__Exercise details__: With pictures removed, print the listing exactly.

__Working data__:
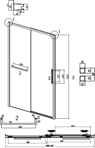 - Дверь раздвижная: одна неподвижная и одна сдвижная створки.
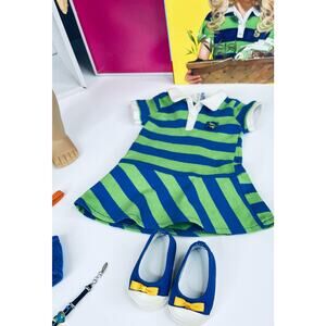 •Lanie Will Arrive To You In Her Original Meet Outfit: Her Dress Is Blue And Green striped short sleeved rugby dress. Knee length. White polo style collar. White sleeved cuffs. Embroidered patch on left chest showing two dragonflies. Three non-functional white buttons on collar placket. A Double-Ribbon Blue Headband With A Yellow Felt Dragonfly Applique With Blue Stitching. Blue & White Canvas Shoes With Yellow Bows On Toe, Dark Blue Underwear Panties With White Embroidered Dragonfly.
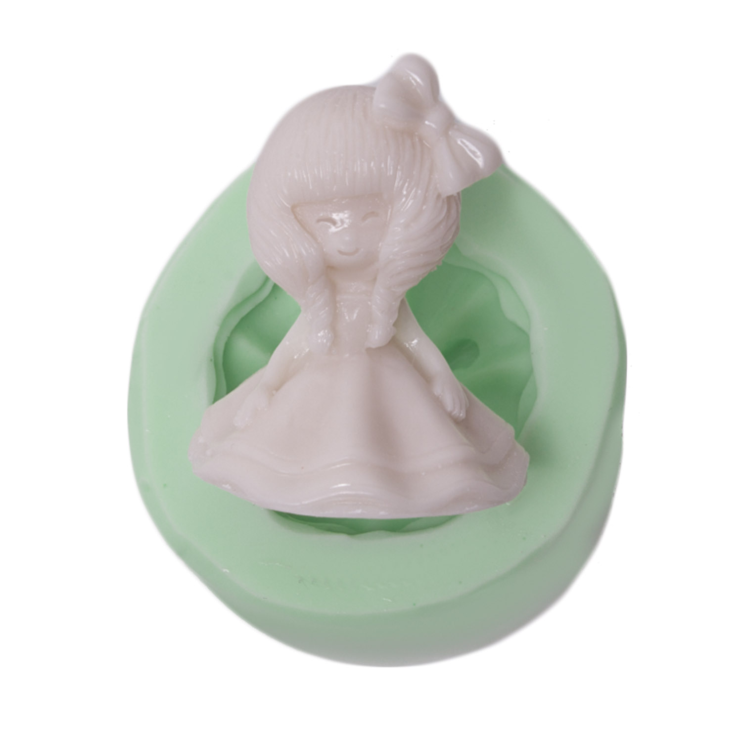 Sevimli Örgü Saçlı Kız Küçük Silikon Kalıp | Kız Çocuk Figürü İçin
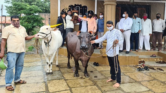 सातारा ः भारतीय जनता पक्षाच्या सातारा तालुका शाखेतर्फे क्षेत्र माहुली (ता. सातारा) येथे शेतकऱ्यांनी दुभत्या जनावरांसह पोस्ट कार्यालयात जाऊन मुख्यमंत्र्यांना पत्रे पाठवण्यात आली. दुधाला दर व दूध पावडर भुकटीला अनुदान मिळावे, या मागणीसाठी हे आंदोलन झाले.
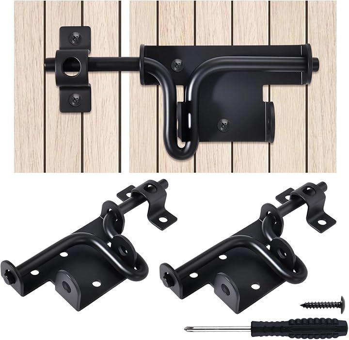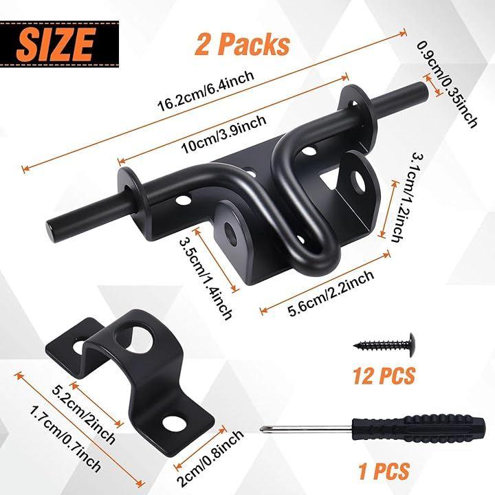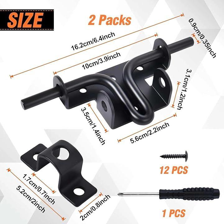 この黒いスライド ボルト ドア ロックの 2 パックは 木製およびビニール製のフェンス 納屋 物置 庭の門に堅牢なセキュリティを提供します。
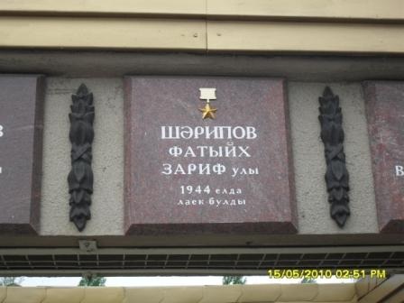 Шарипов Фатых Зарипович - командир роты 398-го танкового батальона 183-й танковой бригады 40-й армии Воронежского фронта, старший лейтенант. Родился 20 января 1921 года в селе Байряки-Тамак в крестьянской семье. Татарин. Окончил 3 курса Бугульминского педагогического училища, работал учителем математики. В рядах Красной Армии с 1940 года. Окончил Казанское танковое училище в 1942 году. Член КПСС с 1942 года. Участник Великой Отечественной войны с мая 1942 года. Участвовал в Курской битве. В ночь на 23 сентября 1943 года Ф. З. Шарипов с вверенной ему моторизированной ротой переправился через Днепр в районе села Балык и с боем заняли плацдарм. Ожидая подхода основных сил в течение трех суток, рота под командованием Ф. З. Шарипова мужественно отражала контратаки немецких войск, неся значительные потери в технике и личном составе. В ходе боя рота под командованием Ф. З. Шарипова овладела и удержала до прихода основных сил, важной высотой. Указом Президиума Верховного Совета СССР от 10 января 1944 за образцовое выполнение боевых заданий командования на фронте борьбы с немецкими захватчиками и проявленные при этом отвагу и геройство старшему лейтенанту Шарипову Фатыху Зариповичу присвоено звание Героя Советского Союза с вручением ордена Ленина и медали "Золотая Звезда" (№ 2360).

__Task response__:
 - Дверь раздвижная: одна неподвижная и одна сдвижная створки.
 •Lanie Will Arrive To You In Her Original Meet Outfit: Her Dress Is Blue And Green striped short sleeved rugby dress. Knee length. White polo style collar. White sleeved cuffs. Embroidered patch on left chest showing two dragonflies. Three non-functional white buttons on collar placket. A Double-Ribbon Blue Headband With A Yellow Felt Dragonfly Applique With Blue Stitching. Blue & White Canvas Shoes With Yellow Bows On Toe, Dark Blue Underwear Panties With White Embroidered Dragonfly.
 Sevimli Örgü Saçlı Kız Küçük Silikon Kalıp | Kız Çocuk Figürü İçin
 सातारा ः भारतीय जनता पक्षाच्या सातारा तालुका शाखेतर्फे क्षेत्र माहुली (ता. सातारा) येथे शेतकऱ्यांनी दुभत्या जनावरांसह पोस्ट कार्यालयात जाऊन मुख्यमंत्र्यांना पत्रे पाठवण्यात आली. दुधाला दर व दूध पावडर भुकटीला अनुदान मिळावे, या मागणीसाठी हे आंदोलन झाले.
 この黒いスライド ボルト ドア ロックの 2 パックは 木製およびビニール製のフェンス 納屋 物置 庭の門に堅牢なセキュリティを提供します。
 Шарипов Фатых Зарипович - командир роты 398-го танкового батальона 183-й танковой бригады 40-й армии Воронежского фронта, старший лейтенант. Родился 20 января 1921 года в селе Байряки-Тамак в крестьянской семье. Татарин. Окончил 3 курса Бугульминского педагогического училища, работал учителем математики. В рядах Красной Армии с 1940 года. Окончил Казанское танковое училище в 1942 году. Член КПСС с 1942 года. Участник Великой Отечественной войны с мая 1942 года. Участвовал в Курской битве. В ночь на 23 сентября 1943 года Ф. З. Шарипов с вверенной ему моторизированной ротой переправился через Днепр в районе села Балык и с боем заняли плацдарм. Ожидая подхода основных сил в течение трех суток, рота под командованием Ф. З. Шарипова мужественно отражала контратаки немецких войск, неся значительные потери в технике и личном составе. В ходе боя рота под командованием Ф. З. Шарипова овладела и удержала до прихода основных сил, важной высотой. Указом Президиума Верховного Совета СССР от 10 января 1944 за образцовое выполнение боевых заданий командования на фронте борьбы с немецкими захватчиками и проявленные при этом отвагу и геройство старшему лейтенанту Шарипову Фатыху Зариповичу присвоено звание Героя Советского Союза с вручением ордена Ленина и медали "Золотая Звезда" (№ 2360).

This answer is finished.